Establish procedures for selecting and removing partnership representatives. It’s also a good idea to outline the representative’s duties and responsibilities and to place appropriate limits on his or her (or its) authority. For example, you might prohibit the representative from taking certain actions without the approval of a majority of the partners.
About this last step, you may recall that, as far as the IRS is concerned, the partnership representative has sole authority to act on the partnership’s behalf. But that doesn’t mean you can’t set forth contractual rules governing the relationship between the representative and the partnership.
Weighing the Costs
Partnerships should familiarize themselves with the new audit rules and assess the rules’ potential tax impact on the partnership and its partners. Those eligible to opt out should consider doing so. Others should ponder strategies for managing the audit process, such as amending their partnership agreements and appointing the right partnership representative. Contact us with any questions you might have about the new audit rules and if you should opt out.

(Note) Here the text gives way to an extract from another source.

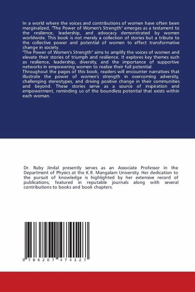 In a world where the voices and contributions of women have often been marginalized, "The Power of Women's Strength" emerges as a testament to the resilience, leadership, and advocacy demonstrated by women worldwide. This book is not merely a collection of stories but a tribute to the collective power and potential of women to effect transformative change in society."The Power of Women's Strength" aims to amplify the voices of women and elevate their stories of triumph and resilience. It explores key themes such as resilience, leadership, diversity, and the importance of supportive networks in empowering women to realize their full potential.Throughout the pages of this book, readers will encounter narratives that illustrate the power of women's strength in overcoming adversity, challenging stereotypes, and driving positive change in their communities and beyond. These stories serve as a source of inspiration and empowerment, reminding us of the boundless potential that exists within each woman.

How to Opt Out of Centralized Audit Rules
If your partnership is eligible to opt out of the centralized audit rules, here’s the procedure for making that election:
- Check the designated box on a timely filed (including extensions) Form 1065 Schedule B.
- Complete and attach to your return Form 1065 Schedule B-2, which includes, among other things, each partner’s name, tax identification number and federal tax classification, along with an affirmative statement that all partners are eligible.
- Notify all partners of the election within 30 days after it’s made.
If the IRS deems the election invalid, it’ll notify you in writing and the centralized audit rules will apply to your partnership. Once a valid election is made, it can’t be revoked without IRS consent.